On May 20, 2010, the Board of Directors of Beneficial Mutual Bancorp, Inc. (the “Company”) amended the two-year employment agreements the Company currently maintains with: (i) Gerard P. Cuddy, President and Chief Executive Officer of the Company; (ii) Andrew J. Miller, Executive Vice President and Chief Lending Officer of the Company; (iii) Robert J. Bush, Executive Vice President of the Company; and (iv) Denise Kassekert, Executive Vice President of the Company (each, a “named executive officer”). The amendments to the employment agreements are designed to ensure that the named executive officers are on a uniform performance evaluation schedule and provide that commencing on May 20, 2010 (the “Renewal Date”), and continuing on each anniversary of the Renewal Date thereafter, the disinterested members of the Company’s Board of Directors may extend the term of each employment agreement for an additional year, so that the remaining term of the agreement again becomes two years from the Renewal Date, unless the named executive officer elects not to extend the term of this Agreement by giving proper written notice to the Company. As a result of the amendments, the term of each named executive officer’s employment agreement has been extended through May 20, 2012.

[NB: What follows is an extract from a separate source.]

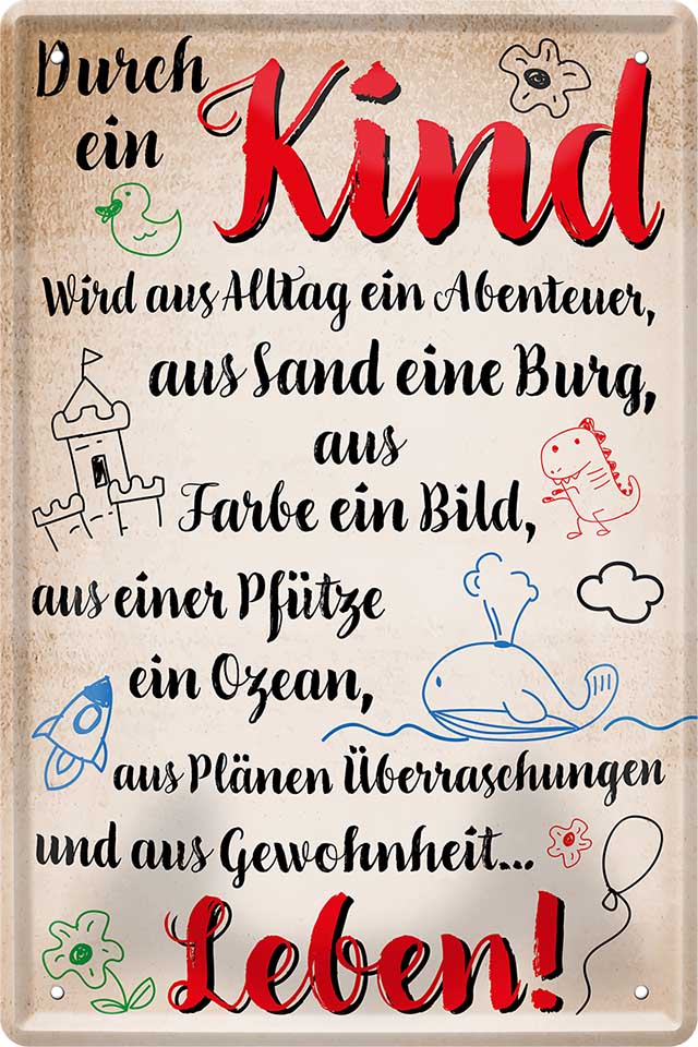 Blechschild ''Durch ein Kind aus Alltag Abenteuer und Gewohnheit Leben'' 20x30cm

The Company will file copies of the amended employment agreements as exhibits to its Quarterly Report on Form 10-Q for the quarter ended June 30, 2010.
Item 5.07Submission of Matters to a Vote of Security Holders.
The annual meeting of the Company’s stockholders was held on May 20, 2010. The final results for each of the matters submitted to a vote of stockholders at the annual meeting are as follows:
1.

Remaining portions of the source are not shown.